"Поединок" спектакля и зрителя/"Тараканья леди" Т.Уильямса и Т.Батраковой на сцене Марийского республиканского театра кукол

Выпуск №4-124/2009, Проблема

"Поединок" спектакля и зрителя/"Тараканья леди" Т.Уильямса и Т.Батраковой на сцене Марийского республиканского театра кукол

 

– …А про «Тараканью леди» не пиши, пожалуйста... – Татьяна Батракова посмотрела умоляющим взглядом. Я сжала губы. Потому что надо было что-то сказать. – А ЧТО?!.

– Ладно… Напиши, как есть… – обреченно кинула голову на руки Таня и слегка засопела.

Примерно как мой Рыжик, когда на него надевают намордник или собираются отобрать старую кость.

Это понятный ужас матери, которая, несмотря на весь атеизм воспитания, охраняет своего ребенка от случайного глаза и слова, от критики всуе. Глядя на нее, сто раз еще подумаешь, прежде чем сказать что-то… А промолчать – и вовсе было бы умнее всего. Но что нас всегда тянет за язык?! Может быть, желание еще большего совершенства?..

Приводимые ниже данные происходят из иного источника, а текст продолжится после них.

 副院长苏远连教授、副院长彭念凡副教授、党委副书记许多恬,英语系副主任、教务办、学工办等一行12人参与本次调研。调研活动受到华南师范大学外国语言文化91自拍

Спектакль «Тараканья леди» по пьесе Теннеси Уильямса имеет подзаголовок «Тень Чехова» и зародился, возможно, в то время, когда художник-кукольник Таня Батракова, заканчивая учебу на режиссерском отделении Петербургской театральной академии, шила себе на экзамен длинное платье в стиле чеховских времен. Это платье… Никто здесь, в Йошкар-Оле, ее не видел – в платье…Тем более в длинном! Она тогда все проговаривала свои мысли о глубоком символизме прозы и драматургии Чехова и о том, что Уильямс – «у них» – это то же, что Чехов – «у нас»... А потом появились такие странные длинновязые деревянные куклы… Летом 2007-го на столе под огромным абажуром-куполом ее мастерской в Марийском республиканском театре кукол. С этими голыми деревянными куклами студенты актерского «кукольного» отделения Колледжа культуры и искусств им. И.С.Палантая пробовали копировать с экрана видика просчитанные до кадра движения американских мюзиклов эпохи Великой депрессии. Под дождем из голливудских леек, без зонтика шел и пел шикарный мужик в шляпе и сером костюме «с искрой», в дорогих американских ботинках.

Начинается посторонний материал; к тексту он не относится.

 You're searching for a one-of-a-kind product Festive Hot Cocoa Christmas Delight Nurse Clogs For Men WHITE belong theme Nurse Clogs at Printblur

…В ноябре 2007-го состоялся показ собранного спектакля на публику. На самой большой сцене театра, продолжительностью четыре с половиной часа.

В нем было все: куклы планшетные, марионетки, типа би-ба-бо и даже театр теней, были задействованы все возможные уровни сценического пространства, вплоть до потолка, было много света и контр-света, движения, блестящих кожаных черных плащей, звуков большого города, а с потолка лил «дождь» (из кинопленки). Ремейки из мюзиклов в кукольном исполнении возникали в лучах прожекторов справа и слева – как бы на ступенях того кинодворца в Лос-Анджелесе, где вручают «Оскар» (кинотеатр «Кодак», если я не вру…). Сцены из «Вестсайдской истории», «Танцующих под дождем», «Кабаре» и «Огней большого города».

На первом плане, все в белом, Актриса и Актер не первой молодости играли Нину Заречную и Треплева из чеховской «Чайки». А в глубине сцены, в кукольном пространстве трущобного «нумера» где-то в Латинском квартале (не «у нас», конечно, – «у них там», где сейчас Барак Обама, но 90 лет назад…), на железной кровати, ерзая туда-сюда, читали по ролям «Чайку» и одновременно «перечитывали» собственную прошлую жизнь миссис Хардвик Мур и мужчина из соседнего номера, назвавший себя «Писатель». Оба – куклы.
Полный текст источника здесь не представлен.